Loto-Québec: Quebec Lottery winners' names to kept secretRating:As they daydreamed about winning the jackpot yesterday, some Loto-Quebec regulars were sure about one thing.
"No names and definitely no picture of me in the paper," said Brigitte Serpa, a waitress at the Euro Deli on St. Laurent Blvd. who spends about $40 a month on Super 7 and 6/49 tickets.
Serpa, 34, said a new Loto-Quebec policy not to publicize any details about people who win more than $4 million suits her just fine.
The publicity restriction comes after an alleged extortion plot targeting a LaSalle couple who won $27 million in May was foiled by police last month.
Loto-Quebec spokesperson Jean-Pierre Roy said the temporary policy will stay in place until Quebec Finance Minister Monique Jereme-Forget decides — probably by mid-August — among various options to improve winners' security.
He would not elaborate on what options are being considered, but they involve how winners are welcomed, advised, and followed up with, he said.
Roy agreed the marketing challenge created by the recent extortion scare is not an easy one, since putting a face on jackpot winners is a big part of why people buy tickets.
"People want proof of where the money is going," he said.
For Serpa, seeing winners' faces and names publicized was bad news even before the alleged extortion plot. "It's scary to have all that (information) out there," she said.
But she agreed the ban poses a conundrum for the crown corporation, which paid out nearly a billion dollars to lottery winners last year.
"There should be a way to know for real where all that money is going."
Fatima Galvao, a cashier at the Omni Supermarche depanneur on Prince Arthur St. near St. Laurent, sells a few hundred dollars of lotto tickets per day.
She herself likes to dabble, spending between $20 and $30 a week on various tickets like Mots Caches and Gagnant a Vie.
Jackpot winners should appear on television and in photos but without being named, said Galvao, 48.
"They could wear wigs and sunglasses. They should be protected. And they shouldn't have to hold those huge cheques."

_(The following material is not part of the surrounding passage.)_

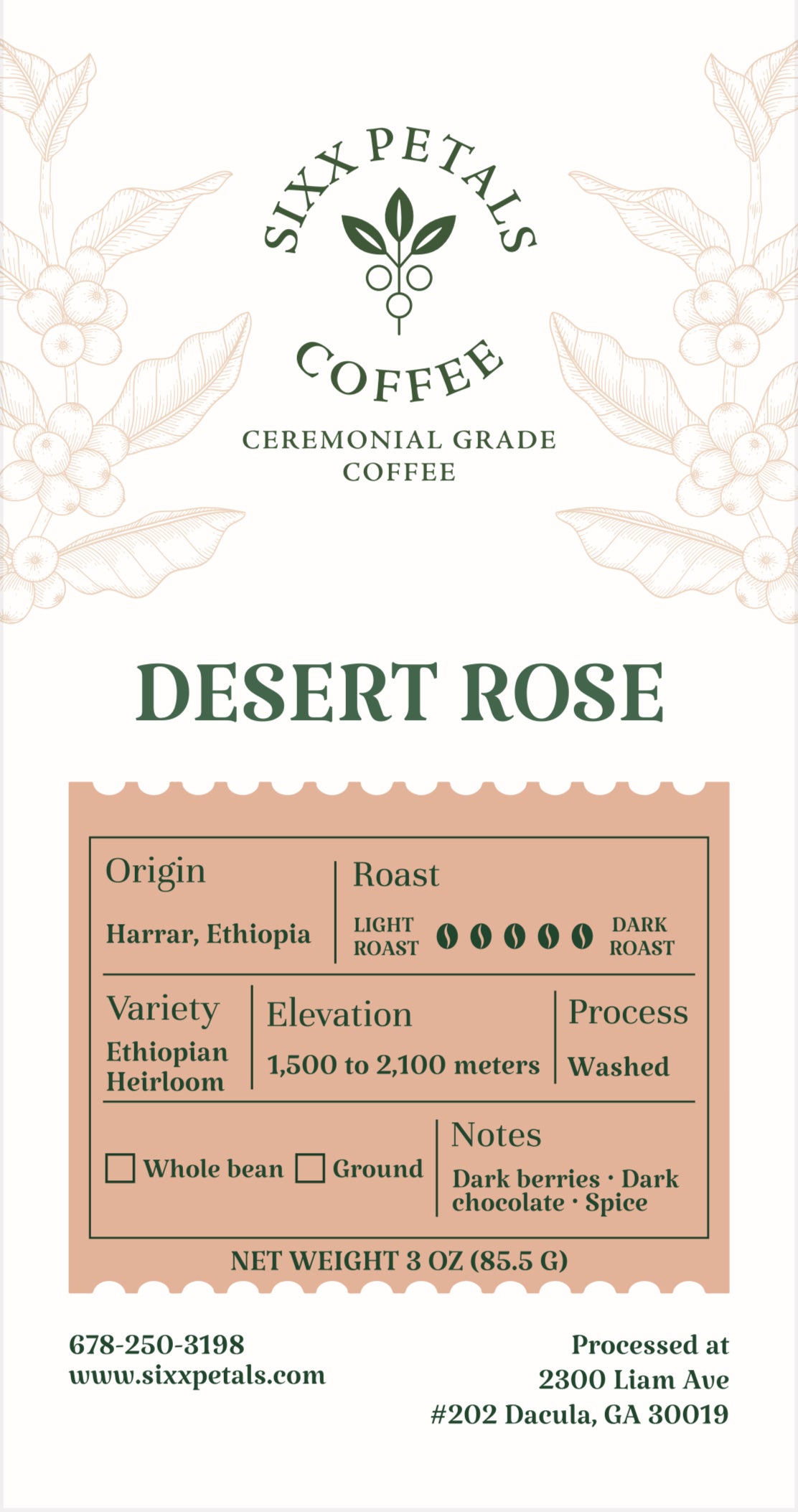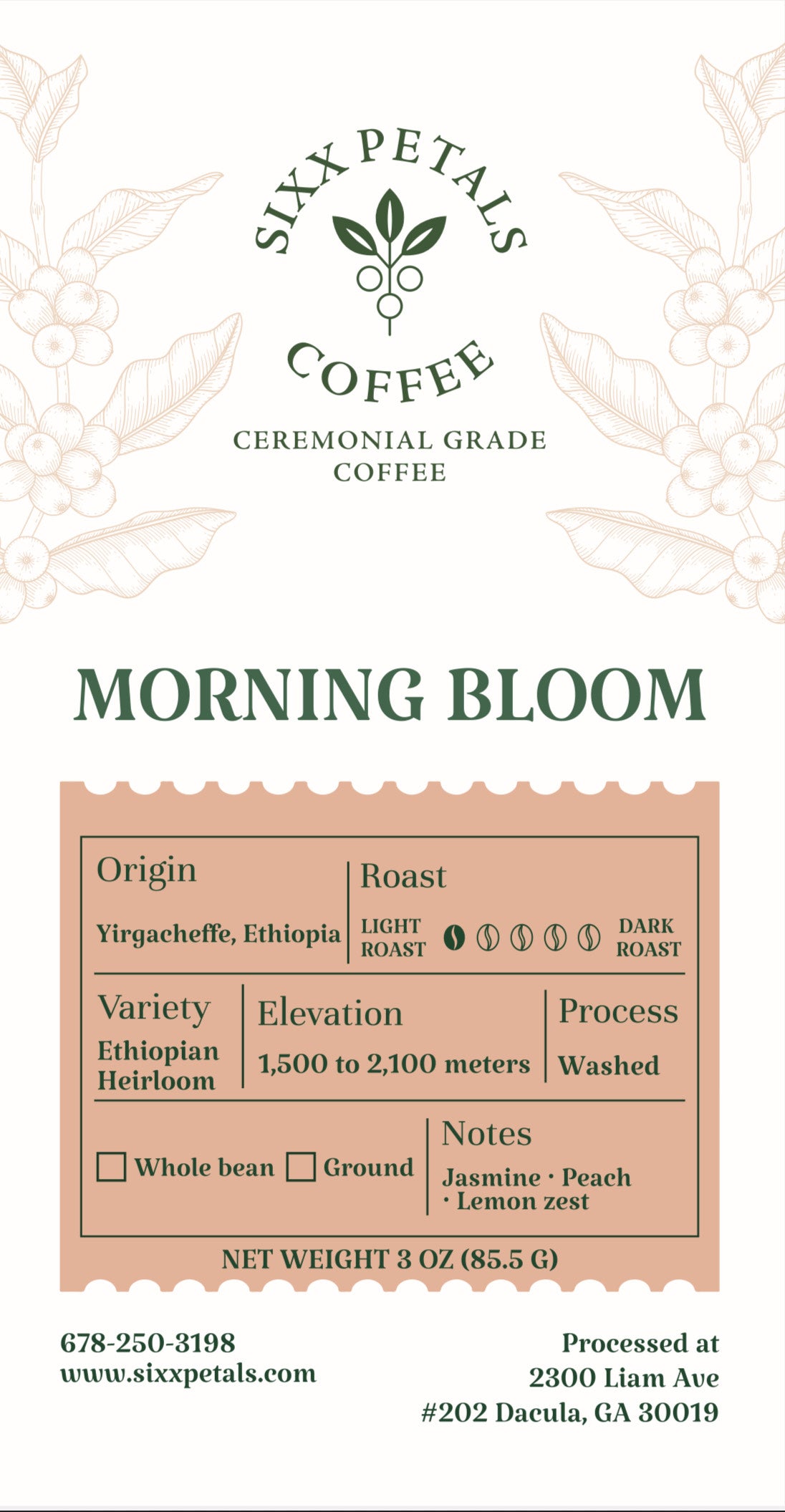 Experience the heart of Sixx Petals Coffee through the Ceremony Sampler , a curated tasting set featuring three distinct Ethiopian coffees. Each 3oz bag invites you into a different expression of flavor, bright and floral, smooth and earthy, bold and aromatic. Perfect for discovering your favorite roast or gifting to someone special, this collection is an elegant introduction to our ceremonial-grade coffees.

Last week Galvao, who has worked in the depanneur for 27 years, won $50 from playing two strips of La Quotidienne but she still hopes that one day she'll win big and everything will change overnight.
Mitch Joel, president of Twist Image, a Montreal-based digital marketing company, said the "aspirational" hope of consumers fuels lottery ticket sales.
"If the winners look like Monsieur and Madame tout-le-monde (Mr. and Mrs. Everybody)," then that feeds people's faith that they, too, can win.
The lottery company's current TV ad campaign, featuring a couple that won the jackpot and that ponder "winning doesn't change you, but..." is effective at reaching people's hopes.
"It's the theatre of the mind" in marketing terms, he said.
Alan Conter, a lecturer in media, ethics and the law at Concordia University, said Loto-Quebec should be able to reassure the public about where winnings end up with regular audits that would not have to reveal publically the winners.